Going back to limiting IO and friends, in my mind the ideal solution would be to allocate a cgroup with the correct partitions, chuck the binaries/shared objects in there and let it run - then you don’t need to verify any code or do any transformation, just let the kernel verify it for you. But this falls apart for many reasons ):
once I can access the function inside the effect, there’s no guarantee of its consistency
importantly though, there's no way outside the host to access the function inside the effect :big_smile:
well for limiting IO we could allow only a specific known set of external calls, and replace all others with panics
With the roc linker we could theoretically ban a lot of things in FFI, but probably wouldn't be able to make any true guarantees.
The ffi library can't call malloc or any other external functions. It can't have a data section, only an rodata section. It can't link to any dynamic libraries, etc.
can't call malloc or any other external functions
we could replace calls to malloc with calls to roc_alloc, and so on for memcpy etc - since Roc code already depends on those!
I guess the question really boils down to: is it possible to use a combination of restrictions and rewrites to end up with FFI that maintains referential transparency?
I'd be surprised if something like a linear algebra library (for example) really needed to use the data section
and if the library really needed to do I/O or something, there's of course Task for that
linking to dynamic libraries wouldn't work for sure :thumbs_up:
Is there a concern that FFI would lead to packages APIs that don't work well with Roc due to them being wrappers around packages from other languages? In other words, they don't violate referential equality or have unmanaged side effects, but they are clunky to use because the API was not written with Roc in mind.
for sure - I think that's a very real risk
but at the same time I also think LAPACK is an interesting motivating use case to explore
and it's entirely possible that the result of the exploration is "this isn't a good idea after all" but I do want to talk it through!

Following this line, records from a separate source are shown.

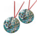 A bright, playful metal ornament that brings a lively pop of color to holiday decorating. s. Lightweight but sturdy, each ornament arrives with a red ribbon threaded through a pre-drilled hole so it’s ready to hang. The double-sided print keeps the pattern visible from every angle, while the scratch- and chip-resistant finish holds up year after year. These ornaments add cheerful, modern energy to a tree, a mantel garland, or a window display — a small, handcrafted-feeling piece that lights up a space with color and movement. These ornaments get rave reviews every single year!
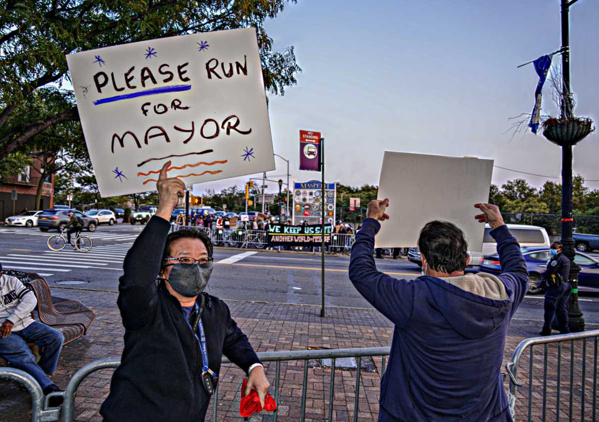 They held signs that read “Holden for Mayor,” “NYC Needs Real Leadership,” “Let NYC be safe again,” among others, urging the councilman to consider a run.
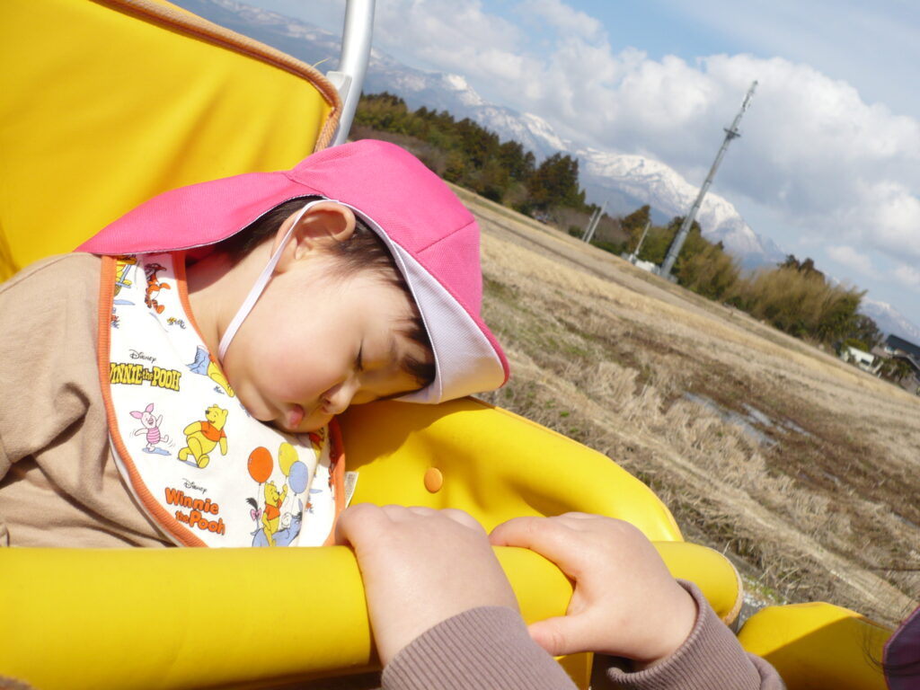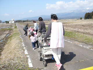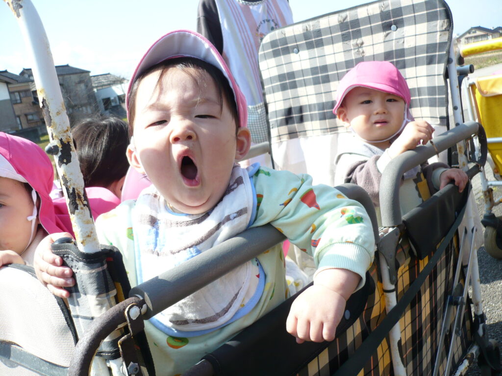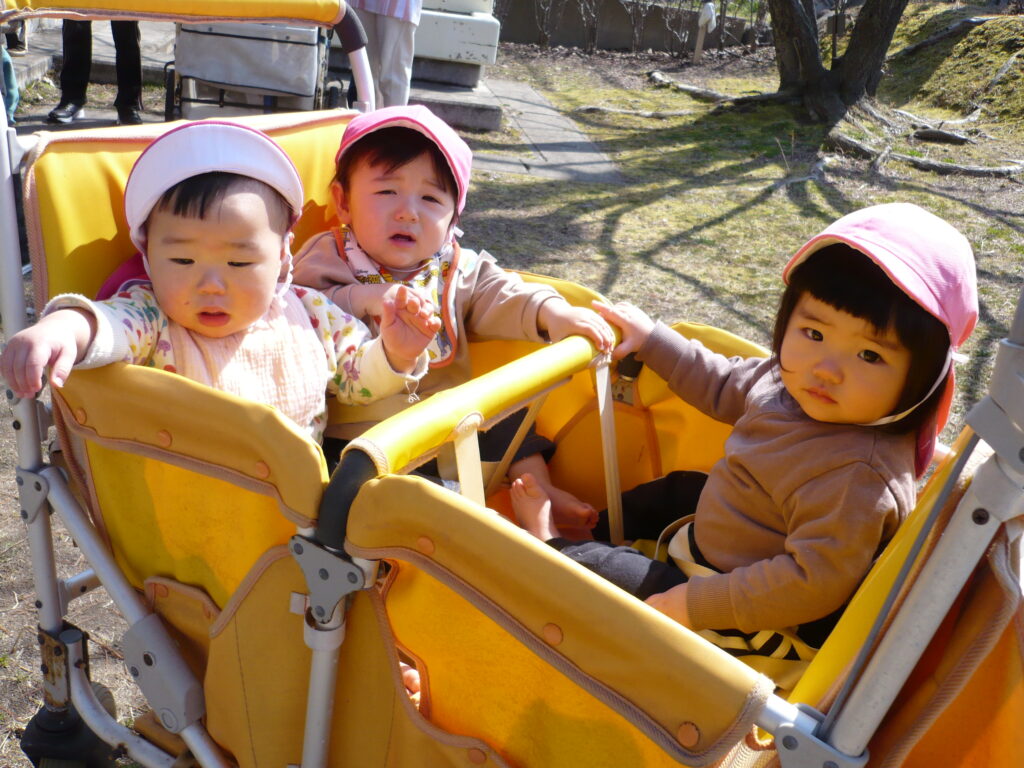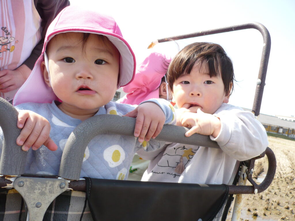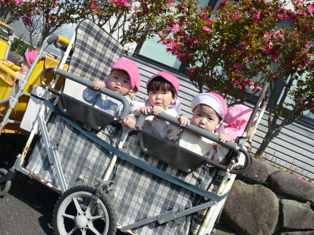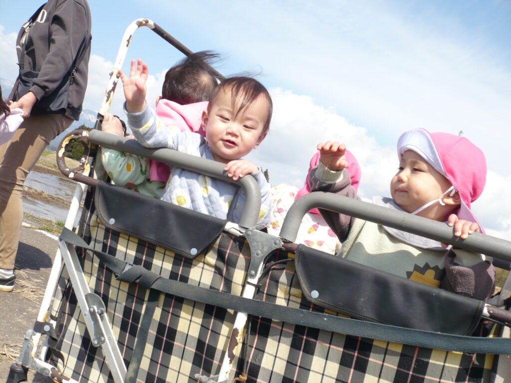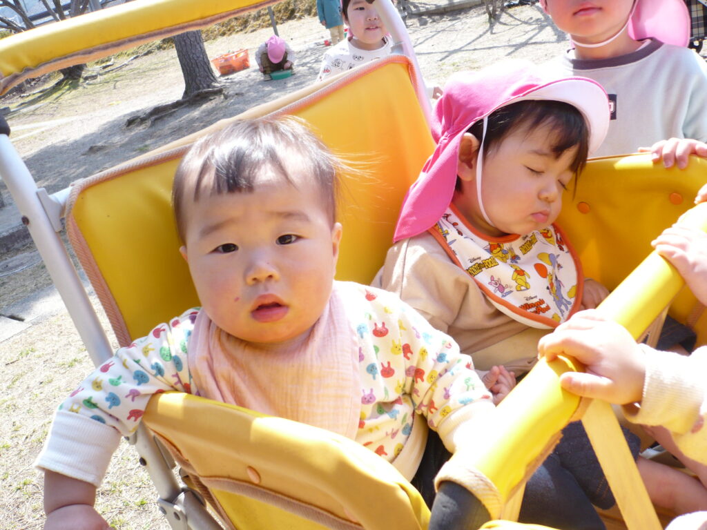 満開の椿や色とりどりの野花、つくしに大喜びで、手を伸ばして摘んでいました。月齢の小さなお友だちも、カートの中でつくしや花を持って振ったりしてご機嫌です。ぽかぽか陽気と揺れる心地よさに、寝てしまう可愛らしい姿も見られました。

I'm not familiar with numerical libraries but is it maybe possible to construct the operators in a way similar to effects? So you kind of define the formula and then pass it over so there are fewer calls across the boundary?
kinda like how in tensorflow you build up a computation graph and then pass that to c++ to be evaluated?
Richard Feldman said:
we could replace calls to
mallocwith calls toroc_alloc, and so on formemcpyetc - since Roc code already depends on those!
I was more talking about that as a way to try and limit possible side effects, but I guess if they don't have a data section and we block linking global data, then calling malloc is safe because it won't lead to side effects that roc can see. I was more worried about malloc being used to store state, which would break being pure.
Folkert de Vries said:
kinda like how in tensorflow you build up a computation graph and then pass that to c++ to be evaluated?
That is also one of the biggest gripes that people have with tensorflow. Static graphs are a pain when it comes to control flow and anything dynamic. The reason why tf2 is eager by default.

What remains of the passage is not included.